**DATASET EXTRACT**:
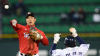 [OSEN=잠실, 최규한 기자] 2일 오후 서울 잠실야구장에서 '2013 한국야쿠르트 세븐프로야구' 두산 베어스 대 SK 와이번스의 경기가 열렸다. 4회말 두산 공격 무사 1루 상황 8번 양의지의 땅볼 타구 때 SK 2루수 정근우가 병살플레이를
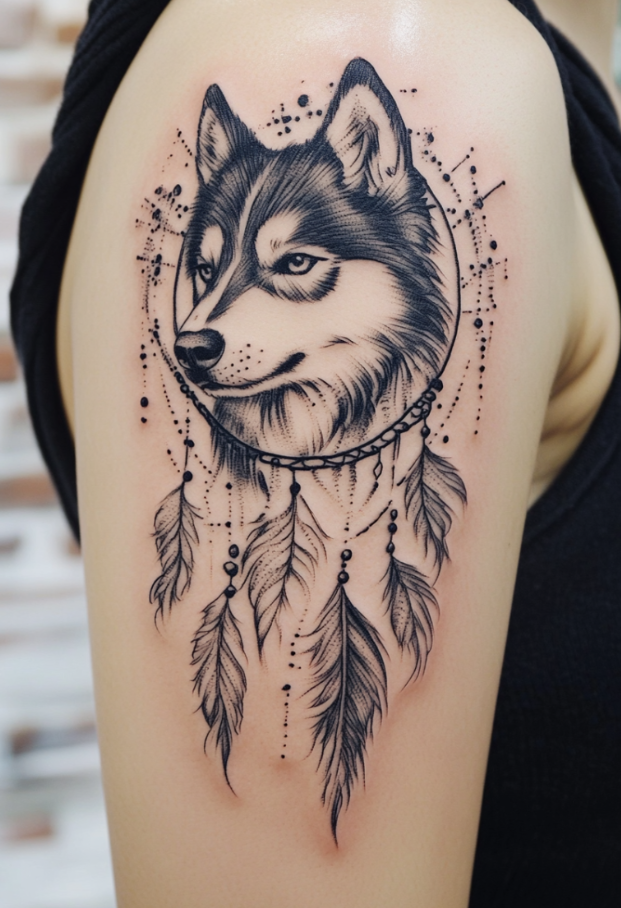 Combining a Husky with a dreamcatcher adds symbolism of protection, guidance, and positivity. The intricate web of the dreamcatcher paired with your dog can feel spiritual and protective, reminding you that your Husky is more than just a pet—they’re a loyal guardian and constant companion.
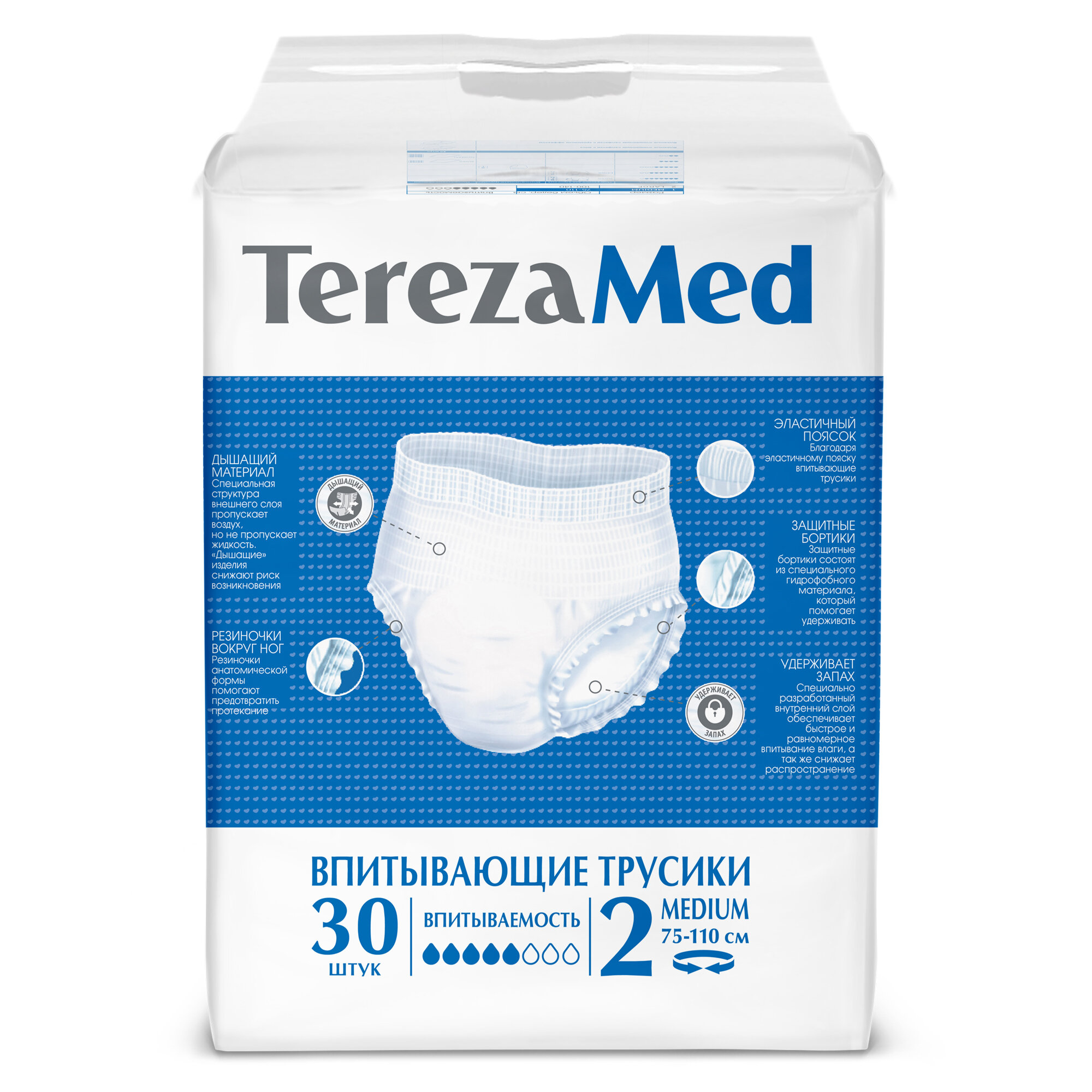 Подгузники-трусы TerezaMed Medium (№2), объем талии 75-110 см, 30 шт. информация:

**EXERCISE GOAL**:
Everything in the material above should be reproduced exactly, except the pictures.

**RESULT FOR THIS EXERCISE**:
 [OSEN=잠실, 최규한 기자] 2일 오후 서울 잠실야구장에서 '2013 한국야쿠르트 세븐프로야구' 두산 베어스 대 SK 와이번스의 경기가 열렸다. 4회말 두산 공격 무사 1루 상황 8번 양의지의 땅볼 타구 때 SK 2루수 정근우가 병살플레이를
 Combining a Husky with a dreamcatcher adds symbolism of protection, guidance, and positivity. The intricate web of the dreamcatcher paired with your dog can feel spiritual and protective, reminding you that your Husky is more than just a pet—they’re a loyal guardian and constant companion.
 Подгузники-трусы TerezaMed Medium (№2), объем талии 75-110 см, 30 шт. информация:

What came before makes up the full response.